Introduction to PickScore
PickScore is an innovative project linked to the fascinating world of text-to-image generation. It provides tools and datasets that help in understanding and predicting user preferences when images are generated from text prompts. This project forms part of the broader research presented in the paper "Pick-a-Pic: An Open Dataset of User Preferences for Text-to-Image Generation."
Datasets and Tools
At the core of PickScore are the open-source datasets and the models that enable developers and researchers to delve into user preferences in text-to-image tasks. Two main datasets, Pick-a-Pic v1 and Pick-a-Pic v2, are available on Hugging Face. The former is the original dataset used in the paper, while the latter offers over a million examples for those who need more extensive data. PickScore also provides a model trained using Pick-a-Pic v1, which facilitates preference prediction.
Web Application and Demo
For those interested in practical experiences, the Pick-a-Pic web application allows users to contribute to the dataset and experiment with this technology. Additionally, a simple demonstration of PickScore is accessible through HF Spaces, showcasing its capabilities in a user-friendly environment.
Installation Instructions
To get started with PickScore, users can set up a virtual environment and install PyTorch alongside other necessary packages. The installation is designed to be flexible, allowing users to either download all packages at once or select them according to specific requirements—whether for training or evaluation purposes. Conda and pip are the primary tools recommended for installing dependencies.
Inference with PickScore
PickScore can be used as a prediction tool to ascertain user preferences for images based on given text prompts. By leveraging the model trained from the Pick-a-Pic dataset, users can input prompts and images to calculate probabilities of preference using the provided Python script. This functionality is intended to assist in understanding which generated images are more likely to meet user satisfaction.

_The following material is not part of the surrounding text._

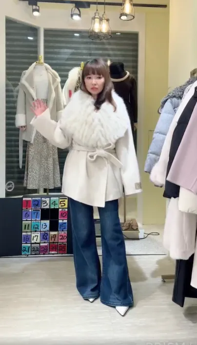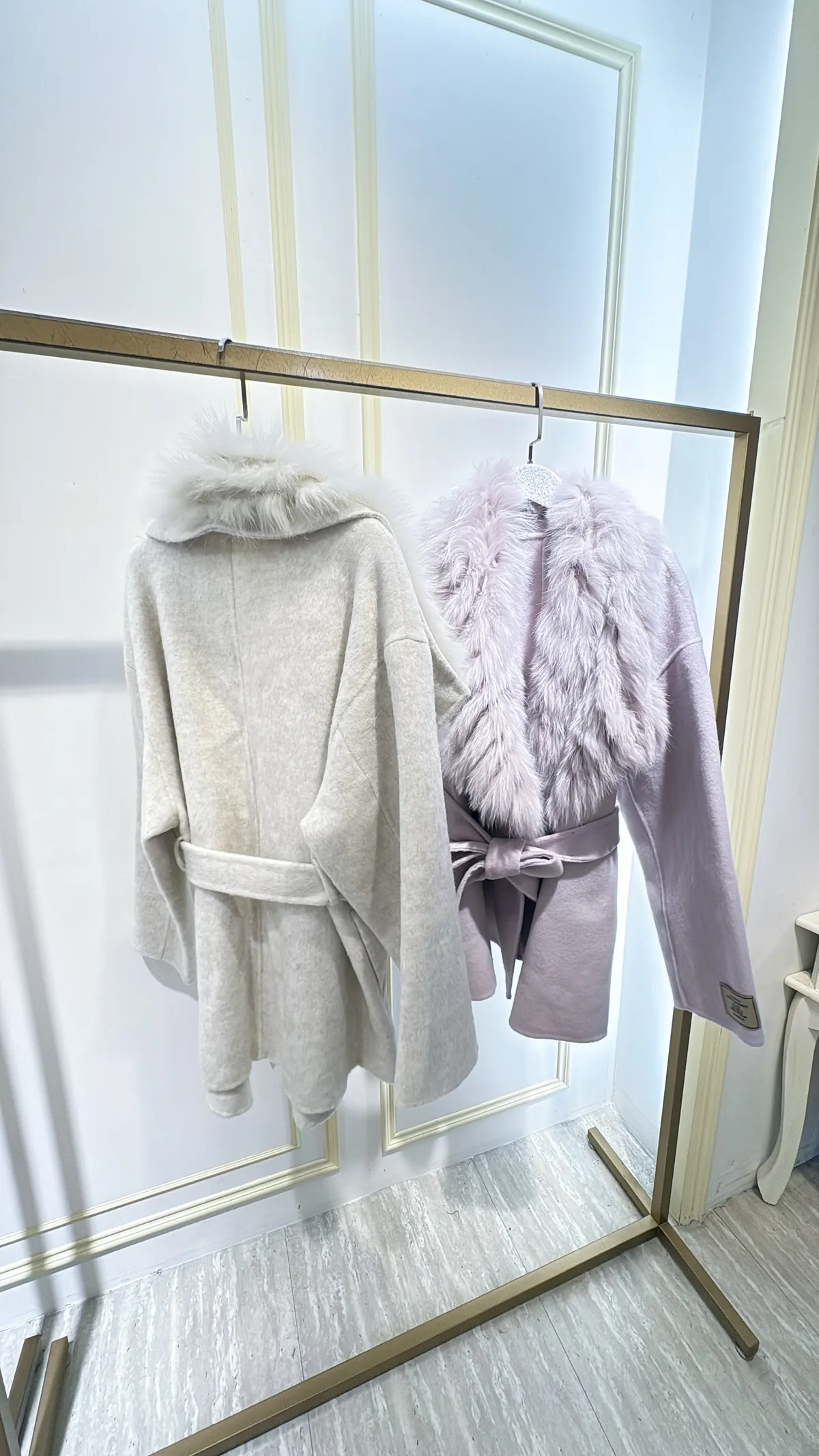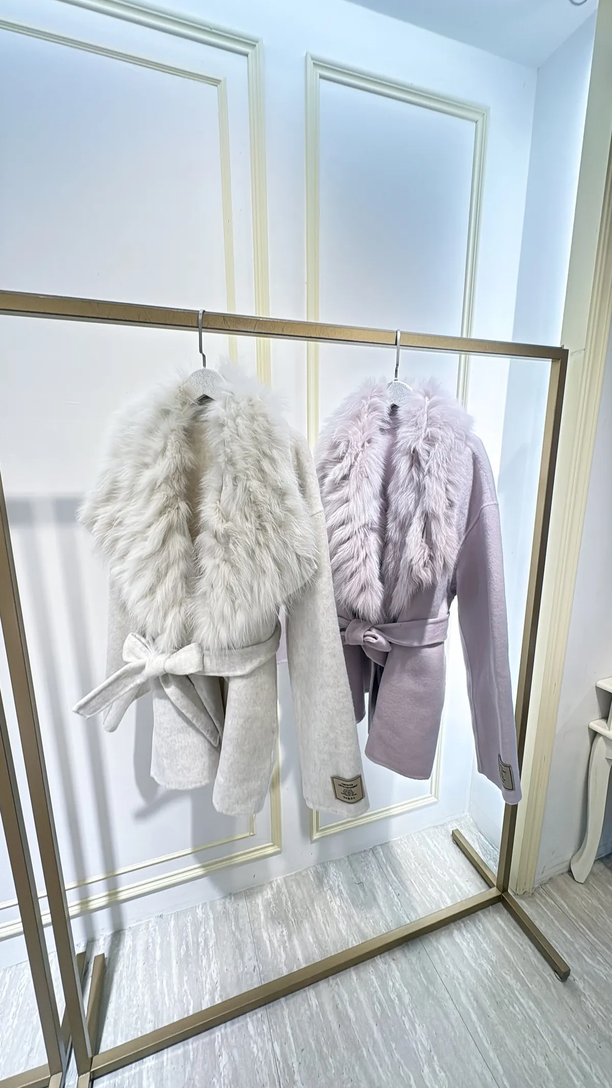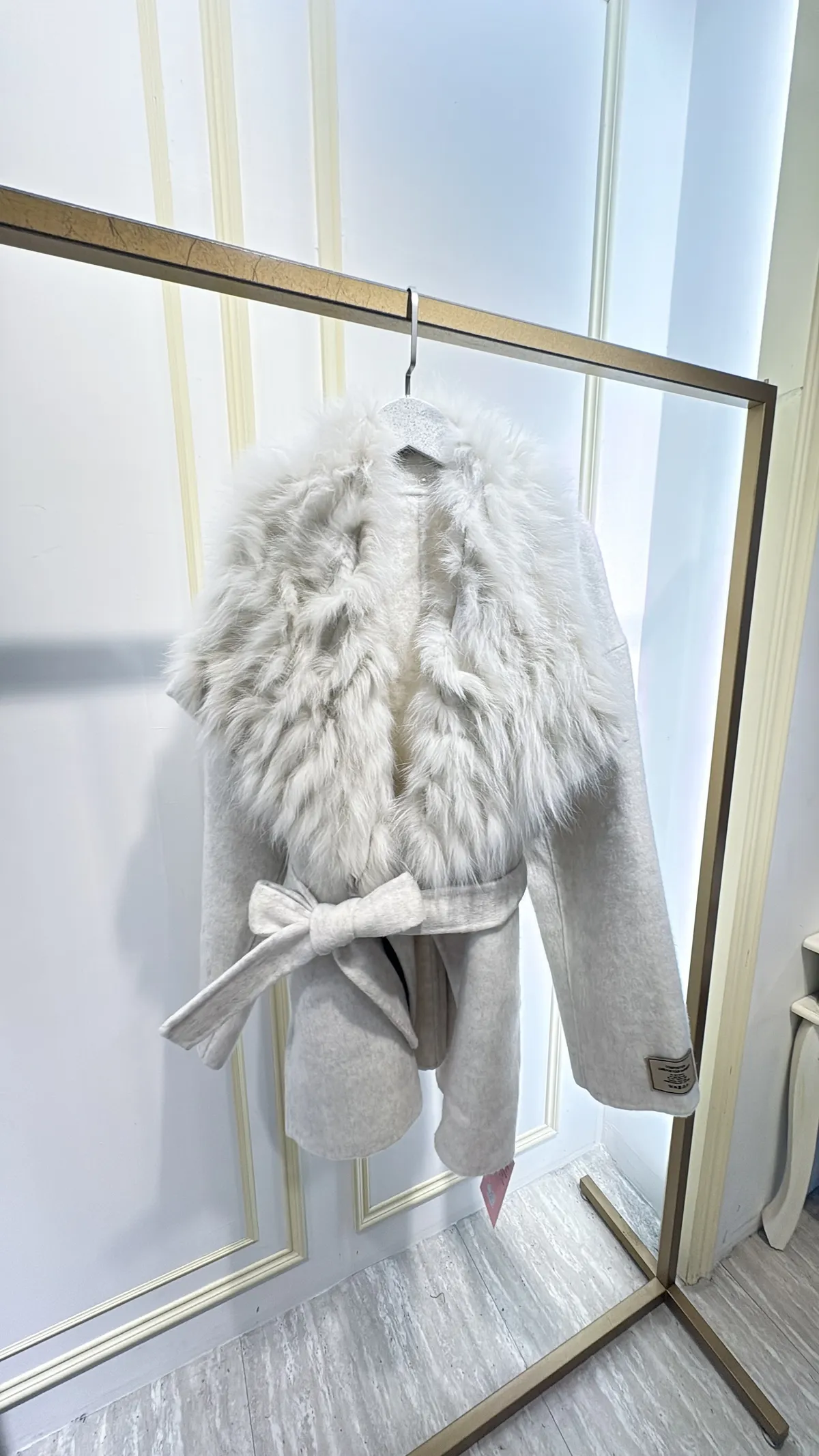 S856雲霧狐狸領綁帶大衣

Downloading the Pick-a-Pic Dataset
Those interested in leveraging the large-scale data provided by Pick-a-Pic can download the datasets directly from Hugging Face. For faster performance and to avoid large downloads, data streaming is recommended. The Pick-a-Pic datasets are substantial, with the v1 dataset occupying approximately 190GB of space.
Training PickScore
For users aiming to train PickScore from the beginning, this can be done either locally or on a Slurm cluster. The training process requires considerable computing power and is specifically equipped to run with multiple GPUs to enhance efficiency. Instructions for both modes are provided to cater to different user setups.
Testing PickScore on Pick-a-Pic
Users interested in evaluating the performance of their trained models can use the provided script which tests the preference predictor against the Pick-a-Pic dataset, thus ensuring that the model performs well in practical scenarios.
Contribution and Citation
The creators of PickScore invite users to explore, analyze, and contribute to their datasets, thereby facilitating advancements in text-to-image generation research. If users find the project beneficial to their work, they are encouraged to cite the original paper to aid further dissemination and recognition of this research.
By offering comprehensive datasets and user-friendly tools, PickScore supports researchers and developers in exploring the intricate connections between text prompts and user image preferences, paving the way for innovation in the field.